Beside the main friend on stage in Newport with Brandi Carlile, were Brandi's bandmates Phil and Tim Hanseroth and Celisse Henderson, and guests Allison Russell, Jess Wolfe and Holly Laessig of Lucius; Blake Mills, Taylor Goldsmith, Marcus Mumford and Wynona Judd. When the group moved behind her to form a human stage-back, Joni, in a black cap and white satin shirt and deep-red-and-blue tie (her white hair dangling down to her waist in two braids), looked thrilled. Next to her, Brandi - in deeply flowered coat and pants - looked just as triumphant. Friends! Women friends! 41 and 78! Each had given so much to the other over five years.

Women friends! 41 and 78! Each had given so much to the other over five years.

If the horrible (and getting worse) news of the January 6th insurrection hearings crowded half of the news world, Joni singing the songs of Blue filled the other half of that space.
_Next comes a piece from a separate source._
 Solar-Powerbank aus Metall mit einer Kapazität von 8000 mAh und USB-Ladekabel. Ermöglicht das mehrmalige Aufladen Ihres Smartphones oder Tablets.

Millions watching the You-Tube wept and cheered. When Brandi and Joni sang duet on "A Case of You," people were reminded that only a few writers could produce its wit, love, and lyrical meshing of snark and earnestness ("I could drink a case of you and still be on my feet"). Same, the fabulous toughness. ("Constant in the darkness? Where's that at? If you want me I'll be in the bar.") Yes, this was the dame who threw a drink in Jann Wenner's face.
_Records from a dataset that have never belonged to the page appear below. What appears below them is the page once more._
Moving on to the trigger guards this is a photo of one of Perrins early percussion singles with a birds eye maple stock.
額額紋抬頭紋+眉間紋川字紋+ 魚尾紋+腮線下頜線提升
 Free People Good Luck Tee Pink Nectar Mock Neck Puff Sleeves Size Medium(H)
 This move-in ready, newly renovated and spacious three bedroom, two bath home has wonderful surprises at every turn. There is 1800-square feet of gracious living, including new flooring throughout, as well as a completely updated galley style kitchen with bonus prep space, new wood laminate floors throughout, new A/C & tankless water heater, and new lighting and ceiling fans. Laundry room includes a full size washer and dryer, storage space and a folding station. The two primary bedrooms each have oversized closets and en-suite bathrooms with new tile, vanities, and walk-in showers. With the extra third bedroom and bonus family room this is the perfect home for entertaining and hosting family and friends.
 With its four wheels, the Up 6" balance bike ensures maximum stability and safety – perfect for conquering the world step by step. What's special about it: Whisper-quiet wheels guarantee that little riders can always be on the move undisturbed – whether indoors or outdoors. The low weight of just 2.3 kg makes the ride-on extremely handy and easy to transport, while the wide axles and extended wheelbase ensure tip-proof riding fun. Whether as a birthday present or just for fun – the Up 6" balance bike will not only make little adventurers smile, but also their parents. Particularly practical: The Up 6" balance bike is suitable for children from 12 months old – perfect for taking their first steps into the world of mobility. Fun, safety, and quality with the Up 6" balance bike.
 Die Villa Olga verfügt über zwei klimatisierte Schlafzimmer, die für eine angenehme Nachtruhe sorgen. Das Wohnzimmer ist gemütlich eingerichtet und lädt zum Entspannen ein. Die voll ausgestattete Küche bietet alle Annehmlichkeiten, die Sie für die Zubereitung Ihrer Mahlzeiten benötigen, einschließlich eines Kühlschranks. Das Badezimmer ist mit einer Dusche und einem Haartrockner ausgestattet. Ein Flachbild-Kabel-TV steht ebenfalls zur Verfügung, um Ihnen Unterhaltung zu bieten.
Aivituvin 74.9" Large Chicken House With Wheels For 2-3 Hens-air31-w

But it was "Both Sides Now" that truly killed. The lyrical gorgeousness of taking clouds as life; of daily changing her feelings about a supposedly fixed reality, of understanding with each passing day how beautifully unknowable and chimerical life was: The very young Joni, with the high pitched, golden maiden's voice, had written the song that, more than 55 years later, the older and deeply lived Joni, recovering from near death with her slow, raspy voice, would turn into what it was meant to be. There was barely a dry eye.

Good for the Soul

It was Judy Collins who had first brought Joni to the Newport Folk Festival in 1969. Judy had used her enormous stature to insist, to the festival board, that this great new talent be given a spot in the star-making event. Judy had introduced Joni to her friend Leonard Cohen at the festival (Joni wrote "A Case of You" largely about Cohen), and, with her beautiful, harpsichord-filled version of "Both Sides Now," Judy had made the song a hit - a proudly, unquestionably female work - and a life raft for young women changing their lives, taking on the elegant dignity of an unconventional, self-made feminist path, the very journey Joni detailed in "Chelsea Morning" and "Cactus Tree."
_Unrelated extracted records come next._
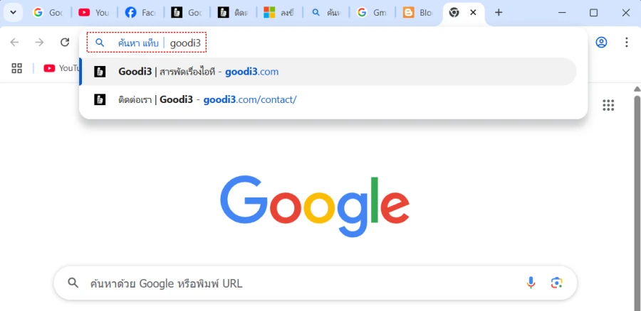 จากนั้นช่อง Address Bar จะเปลี่ยนเป็นโหมดค้นหาแท็บให้ป้อนคำค้นหรือชื่อเว็บไซต์เพื่อไปยังแท็บที่ต้องการแต่ต้องเป็นแท็บที่เปิดเว็บไซต์นั้นอยู่เท่านั้น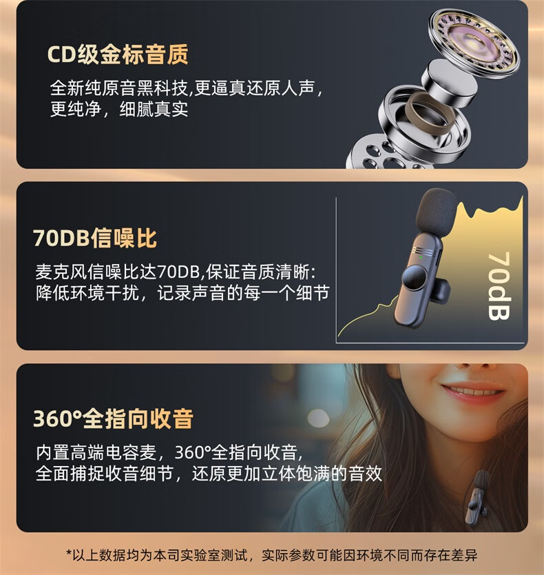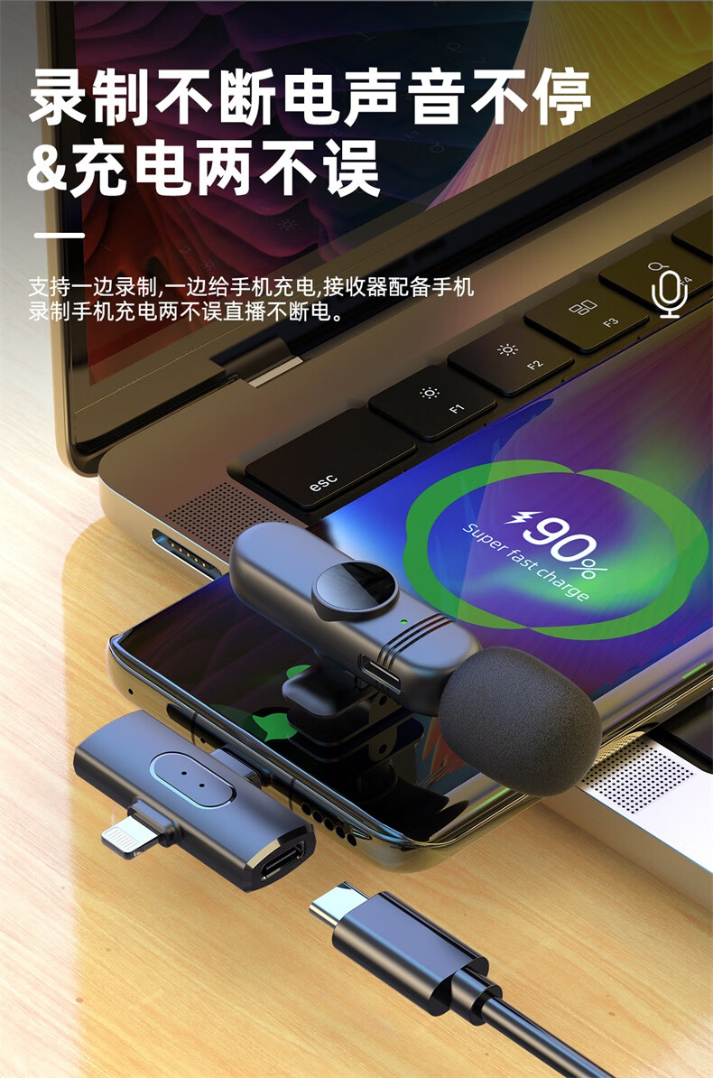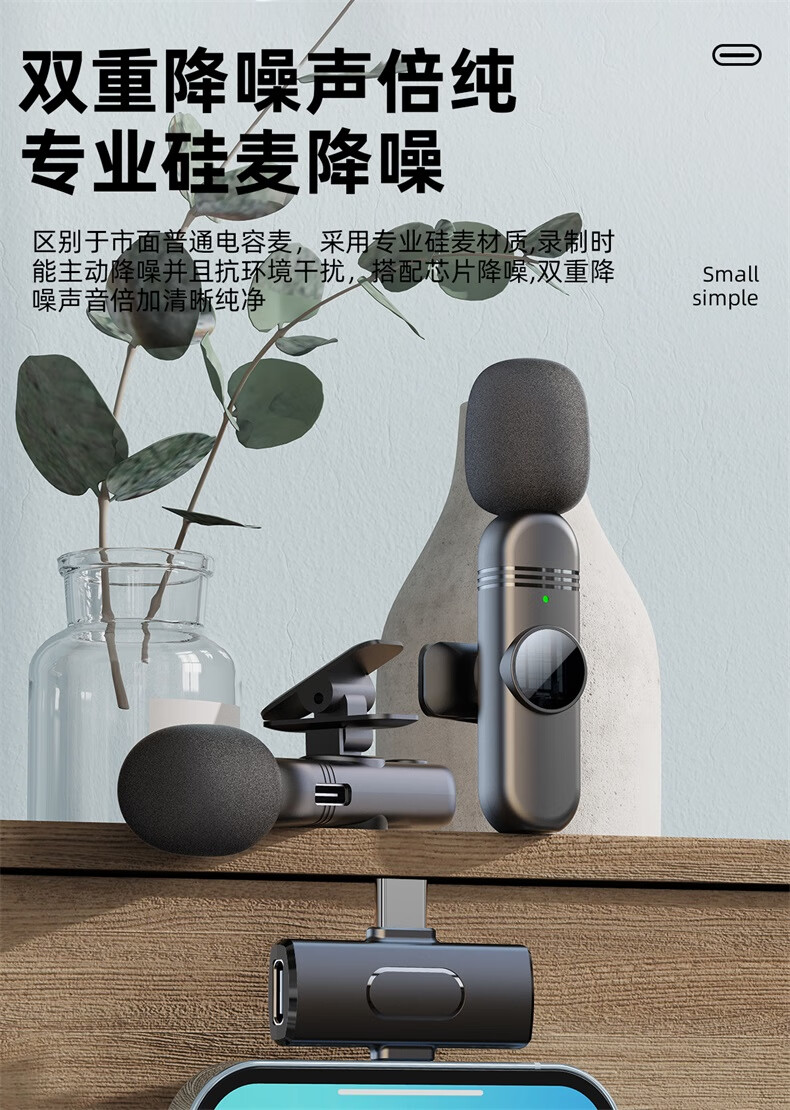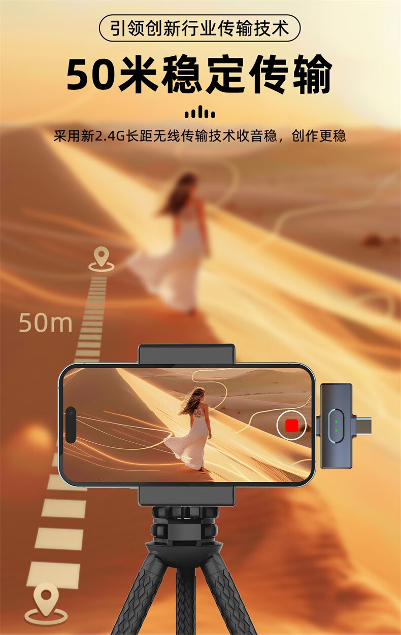 Pinshi two-in-one interface wireless lavalier radio microphone mobile phone live recording Bluetooth microphone Vlog outdoor interview short video suitable for Apple Android camera three-in-one two-person flagship version ENC noise reduction (Apple Android SLR)
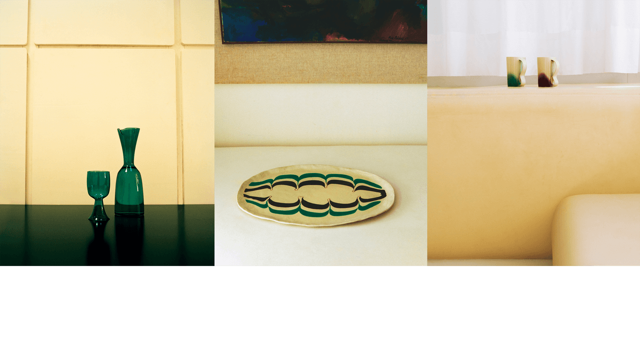 From elongated lamps to supersize platters, sculptural tablewares to sumptuous throws, the palette is rich and earthy, the decoration painterly, the silhouettes fluid and the finishes irresistibly tactile. Each design is a striking stand-alone piece; together they knit into a finely crafted, uniquely covetable collection.

In these dispiriting Roe v. Wade overthrow days, it was magical to see a musical genius who happened to be female and who wrote quintessentially female works get kudos at 78. It was magical to see the loving friendship between these two cross-generational musical women. It was magical to see the name of a third major woman - Judy Collins - mentioned in all the coverage. And it was wonderful, in a "fuck you!" way, to see the woman who'd been voted "Old Lady of the Year" in 1971 become acknowledged, through this event, as - surpassing Dylan - the greatest singer-songwriter of recent time.

"Blue. Songs are like tattoos." Yes. They are.